The Berlin Wall fell and two lifelong friends from East Germany, Veit (Mücke) and Tom (Schweighöfer), want to travel to San Francisco, the former in order to find his father, whose only life sign since fleeing East Germany is an annual birthday postcard to his son, always postmarked from the same post office in San Francisco. The pair's low budget only gets them a flight to New York and the rest isn't enough for a rail ticket, forcing them into an adventurous road trip across the country, never sure if they'll get to Frisco in time, and always needing to earn money to get there.
This film provides examples of:
- The Alleged Car: Veit fantasizes about watching a Trabant driving down the Golden Gate Bridge and the fantasy becomes reality in the end.
- All Germans Are Nazis: Default mode of the passport-checking policeman at JFK airport.
- Arson, Murder, and Jaywalking
- Veit: Dancing? OK. Undressing myself, sure. At a gay strip club, I don't mind. But not to the anthem of the GDR!
- Artistic License – Geography: Veit says that San Francisco is "the westernmost point of the world..."
- Badass Biker: They meet some in Tennessee and one of them even trusts them to drive his brother's car back to California.
- Berserk Button: Never tell Veit that your father was a Communist, even if you're a drunk American biker who lost his father in Vietnam.
- Bittersweet Ending: So Troperiffic that it's a mere technicality: The Reveal in Frisco makes Veit suffer a Heroic BSoD, but the Heterosexual Life-Partners reconcile from the Love Triangle and they see The Alleged Car crossing Golden Gate.
- Black Boss Lady: The black policewoman who arrests Veit and Tom. May be just a low-ranking cop on patrol duty, but can definitely act quite authoritatively.
- But Not Too Foreign: Zoe.
- Cluster F-Bomb: Invoked and discussed at a diner in Tennessee.
- Cool Car: Brought back to you from your biking brother at the other end of the country by entrusting it to two foreign road trippers.
- Dead All Along: Veit's father
- Dirty Communists: Whenever they try to explain which part of Germany they come from, they often end up describing themselves like this, often with inconvenient consequences.
- The Ditz: Tom, at times.
- Drugs Are Bad: Or whatever. Is there a trope out there to describe a car driver smoking weed from an apple bong?
- Eagleland: Both flavors, including:
- Big Apple Sauce: where they land at first.
- Fly Over Country: which they have to cross.
- Viva Las Vegas!: where much of the real action happens.
- San Francisco: which is their final destination.
- Expy: The first driver who picks them up as hitchhikers is a clear embodiment of John Kricfalusi and the drawings in his car also clearly resemble The Ren & Stimpy Show cartoons.
- Fish out of Water
- Flashback: Tom and Veit getting to know each other as schoolchildren and stretching aerials to receive Western radio.
- From a Certain Point of View: Deconstructed.
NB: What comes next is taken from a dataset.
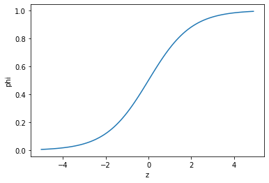 phi = 1 / (1 + np.exp(-z)) # 시그모이드 함수 계산
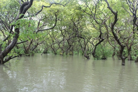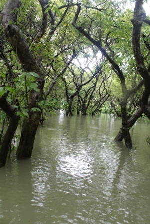 সাত-আট ফিট পানির নিচে আর বাকি অংশ উপরে এরকম ঘন হিজল বনের মাঝে ঝুপ করে গাছগাছালির ডালপালার ফাঁক গলে ঢুকে গেলাম ভেতরে। বাকীটা শুধুই মুগ্ধ হওয়া। ফেরার পথে আরেকটা সোয়াম্প ঝোপের ভিতর ঢুকে বন্ধ করে দেয়া হলো আমাদের ট্রলারের ইঞ্জিন। বাতাসের শনশন শব্দ, হাওরের পানির কুলকুল ধ্বনি আর গাছের পাতা থেকে পড়া পানির টুপটুপ শব্দ আর সাথে নিস্তব্ধ নীরবতা!! এর বেশী বর্ননা আর সম্ভব না; চোখ বন্ধ করলেই যা অনুভব করতে পারি এখনও।

Veit always told Tom that his father died before they met and, when Tom finds out about the postcards somewhere in New York, argues that he said so because he was dead to him and wanted to forget his father after he fled to the West and he feared that his real motivation for the journey would make Tom refuse to come. In the end we learn that his father was in fact dead all along, but Veit couldn't know that.
- Government Conspiracy: The real story behind the postcards.
- HA HA HA—No
- Heroic BSoD: Veit after the revelation.
- Heterosexual Life-Partners: After all, the movie is also about true friendship!
- Tom: From then on, Veit became my twenty-four!
- Locked Out of the Loop: Veit is a culprit and a victim of this. Veit forces his own point of view on Tom when it comes to explaining his father's absence. And the Stasi forced their own point of view on Veit's family.
- Love Triangle: Veit is so furious about Zoe spending the night with Tom that he drives to Frisco alone and leaves Tom behind at the motel. Tom later pettily complains that Veit could at least have told him which post office in Frisco they were going to.
- Luke, I Am Your Father: Discussed. Zoe has to explain the plot of Star Wars to her unsavvy East German companions and finds parallels between Luke's quest in Star Wars and Veit's quest in the movie.
- MacGuffin: The birthday postcards to Veit are the pretext for the whole journey. Oh, the Darth Vader helmet and the lightsaber in the car trunk also enable the explanation above.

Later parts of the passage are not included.